How and When to Discount: A Strategic Guide for eCommerce Brands

Introduction:

The annual BFCM and Q4 frenzy are closely associated with significant discounts. For DTC brands, this period presents a monumental yet fleeting opportunity to capitalise on the year’s peak shopping moment. As per an Adobe report, the Electronics category experienced a notable peak discount of 25% during BFCM 2022, a substantial rise from 8% in 2021. Prominent discounts were observed across all categories. Given the emphasis on discounting, brands must strategise to ensure they offer discounts that align with their profitability objectives. Key considerations include the timing of promotions, the nature of discounts, and whether to offer site-wide discounts or tailored ones for specific segments.

The Shift in Shopping Trends: 

As door-buster deals wane, it’s anticipated that online sales will commence ahead of and prolong past the BFCM weekend. According to a 2021 holiday trend report by Justuno, 65% of US shoppers expressed their intent to finalise holiday purchases before Thanksgiving. Notably, November 2021 witnessed a 10% surge in sales compared to the previous year, while Black Friday sales plummeted by 31%. Considering the trend of early shoppers and their deliberation between online and local purchases, it’s crucial to relay your offers as soon as feasible. Moreover, if it aligns financially and operationally, consider extending these offers post-BFCM.

Analysing Discount Impact on Profitability: 

To accurately assess the effect of discounts on profitability, it’s crucial to understand how these discounts impact margins, particularly in terms of Cost Per Acquisition (CPA). If a product is priced at $100 with a CPA of $33, how does the CPA adjust when introducing a 10% discount? Below are two distinct scenarios to elucidate the differences.

 

 

Primary Discount Methods for eCommerce Brands:

The Strategy Behind Discounts: 

Discounting is a powerful tool for eCommerce brands to attract customers, generate sales, and increase revenue. However, using discounts effectively requires a strategic approach, constant evaluation, and careful consideration of the long-term impact on the bottom line.

Discounts have the potential to be beneficial, but in order to make sure they are accomplishing their objectives, they must be regularly reviewed. It’s crucial to remember that discounts, particularly when applied carelessly, can seriously harm a company’s bottom line. Furthermore, those who are not driven or encouraged by the bottom line frequently use discounts.

It is more crucial than ever to take the financial impact of discounts into account in an era of increasing advertising expenses and narrowing margins. While discounts can result in short-term profits, they can also have long-term negative effects like reduced margins and a lowered value for the brand.

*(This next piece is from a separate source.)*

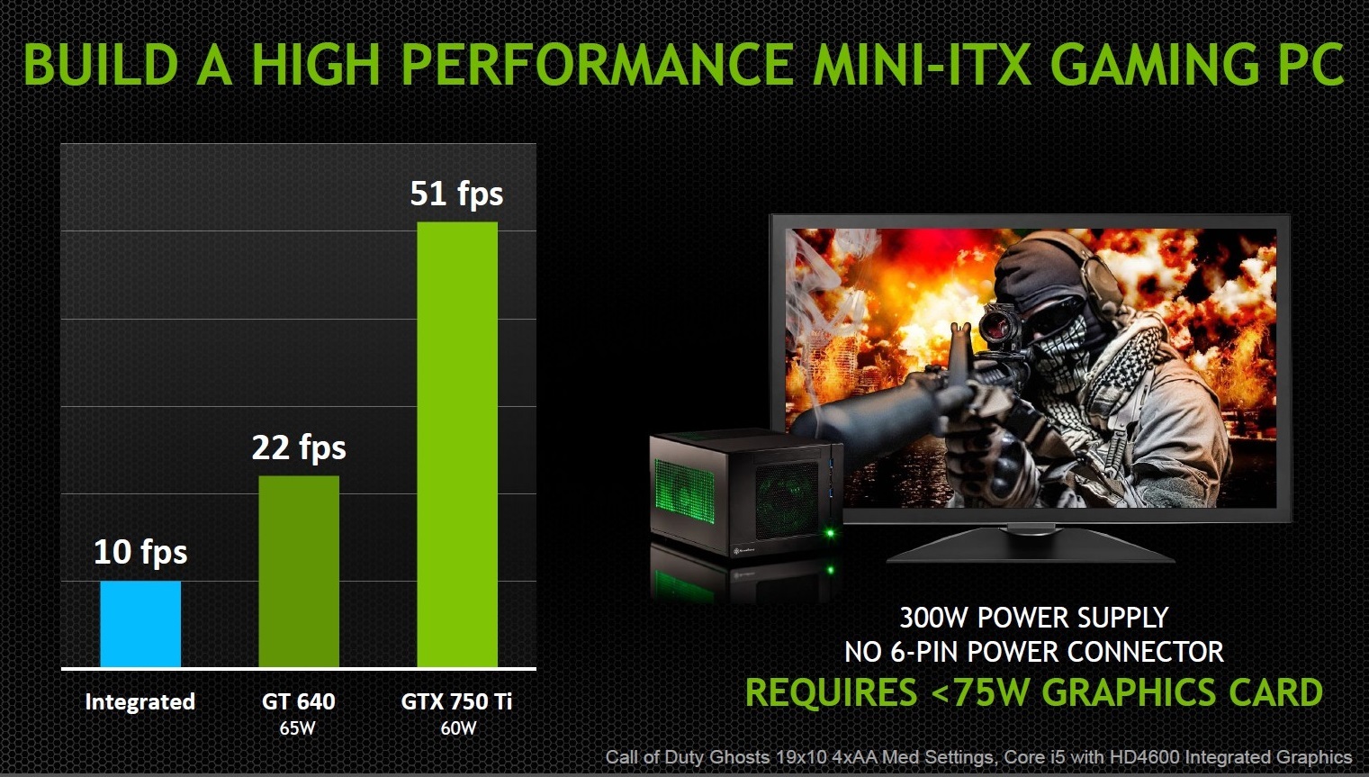 Отсутствие дополнительного питания у GeForce GTX 750 и GeForce GTX 750 Ti — это очень важный (по мнению NVIDIA) момент. Данный плюс позволяет интегрировать новые видеокарты в маломощные системы: HTPC или игровые компьютеры на основе материнских плат форм-фактора Mini-ITX. Стоит упомянуть и про консоль для гостиной Steam Machine, ведь для игровой приставки показатель энергопотребления очень важен.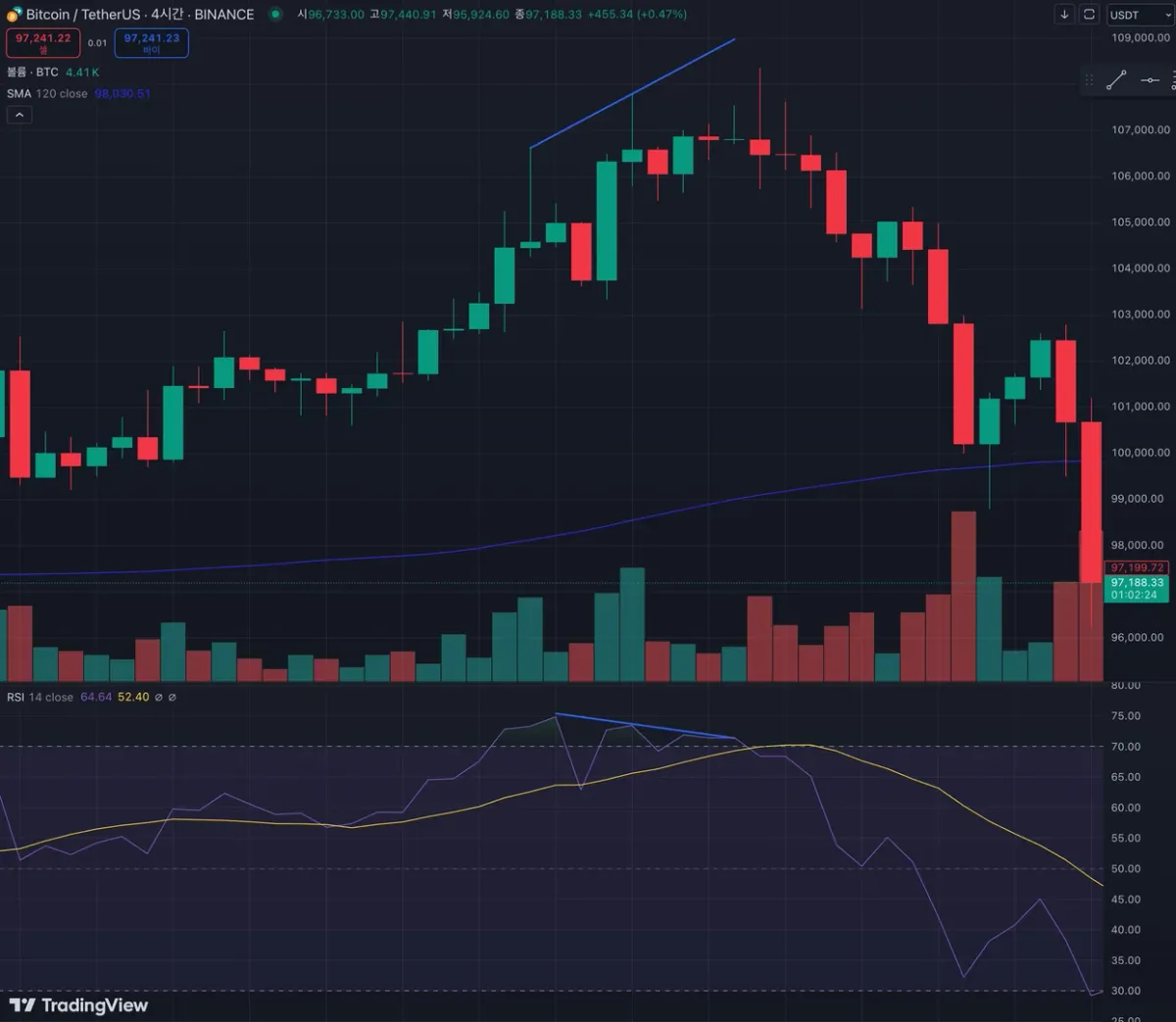 RSI 고점은 낮아지는데, 주가는 상승추세 이고, 거래량은 약해집니다. 실제 결과로 하락으로 이뤄졌습니다.

Trading discount dollars for ad spend is one method to use discounts more strategically. This can lead to a more effective marketing efficiency ratio (MER) or customer acquisition cost (CAC).

Nevertheless, when employing this strategy, bear the following two points in mind:

  1. Pay attention to how the customer’s lifetime value (LTV) is affected by the discount they receive. Discounts may draw clients who are only interested in the deal and may not turn into devoted, recurring clients.
  2. Verify that acquisition discounts or offers do not affect current customers’ orders. Ignoring the needs of returning customers can quickly hurt a business’s profitability because they generate more revenue.

In a world of rising ad costs and thinner margins, it’s more important than ever to consider the impact of discounts on the bottom line. Discounts may lead to short-term gains, but they can also lead to long-term problems such as reduced margins and lower perceived brand value. By carefully considering the impact of discounts on customer lifetime value and retention, brands can use discounts as a powerful tool to drive sales and increase revenue.